As both a Christian and a conservative, I believe all men are fallen and flawed. The institutions of civilization — Church, family, the law, civil society — help us steer away from our hearts’ jagged shoals. Each of us struggle with our own foibles, and our much more sinister demons — the impulses or attitudes we know to be wrong but cannot exorcise. But out of self-interested careerism, out of love for our families, out of religious obligation, or simply out of a fear of looking at ourselves in the mirror if we fail, we learn, most of the time, to work around the baser angels of our nature.
Then there is the alternative view of Jean-Jacques Rousseau, perhaps the ultimate progenitor of modern leftism. “Rousseau first made it fashionable,” a professor of mine once memorably lectured, “to despise one’s own culture.” Rousseau believed that man’s true character manifests itself in a state of nature — a pre-civilizational state.
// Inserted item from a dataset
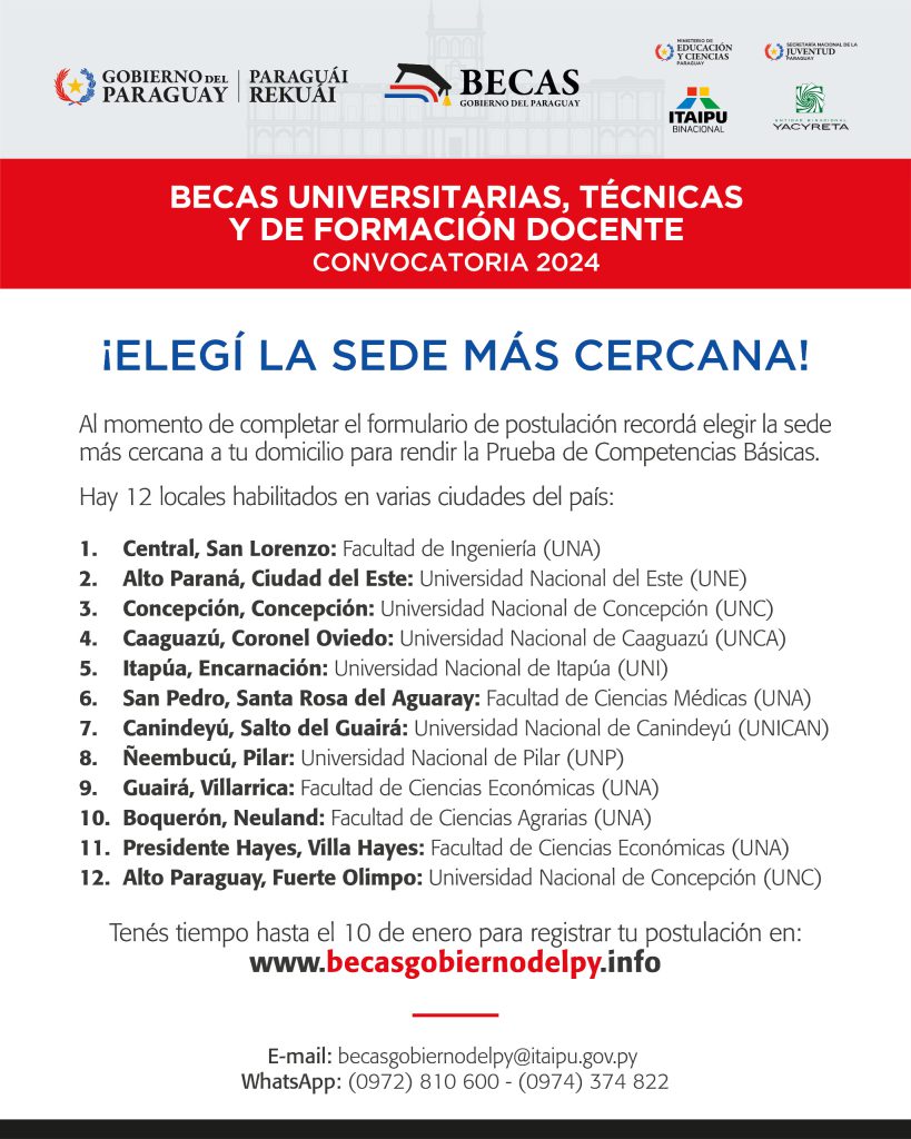 El Gobierno del Paraguay anuncia la habilitación de 12 sedes para la Prueba de Competencias Básicas de Matemática y Castellano, programada para el próximo 10 de febrero, en el marco del proceso de selección de las becas de estudios, convocatoria 2024. Esta medida busca facilitar el acceso a los postulantes, ya que les permite elegir el local más próximo a su residencia.

He wanted to get back to that authentic, primitive expression of our true selves and rejected the constraints and conventions of civilization as impediments to this goal. Hence the modern left’s emphasis on the virtue of “authenticity,” and on the need to escape from the cruel expectations of society in order to liberate our true being.
While some inhibitions are damaging or irrational, most of them are there for a reason. Our inhibitions are part of us and we ignore them — and suppress them, chemically or otherwise — at great peril. Me, I like my inhibitions. They’re part of me, and they usually keep the rest of me out of trouble.
I’VE WANDERED FAR FROM that Santa Monica road where this essay started, but ended up at a curiously political overlook of Gibson’s troubles. If one tends to think that our truest selves emerge only when our social inhibitions are removed, then one sees in Gibson’s drunken self his true and unencumbered self. It is not surprising that Christopher Hitchens, a man of the left, might jump to this conclusion.
But if one tends to think that our true and higher self is manifested in society, then one sees Gibson’s folly differently. Gibson may, given his upbringing, harbor prejudices that he knows are shameful and wrong. But he ordinarily pushes these evil thoughts out of his mind (after all, it’s not like he has a long track record of anti-Semitic statements) until one fateful evening where alcohol breaks down the barriers he built against them.
Gibson said some truly ugly, awful things and this column is in no way a defense of them. He deserves harsh criticism for his irresponsibility and carelessness, not only in driving drunk and endangering innocent bystanders, but in losing control of his mouth. Either he got drunk and said something stupid that he really never believed at all, or possibly he exposed a shameful part of his soul that should have been cut out or at least quarantined far away from the rest of his life.
Either way, his apology is only the tiniest step toward making things right again. His colleagues in Hollywood and the press are correct to demand he finally and unequivocally answers the questions about his views — completely, and completely sober. Let’s hope he will prove to us that his shame and contrition, not his booze-addled bile, is a product of who he really is.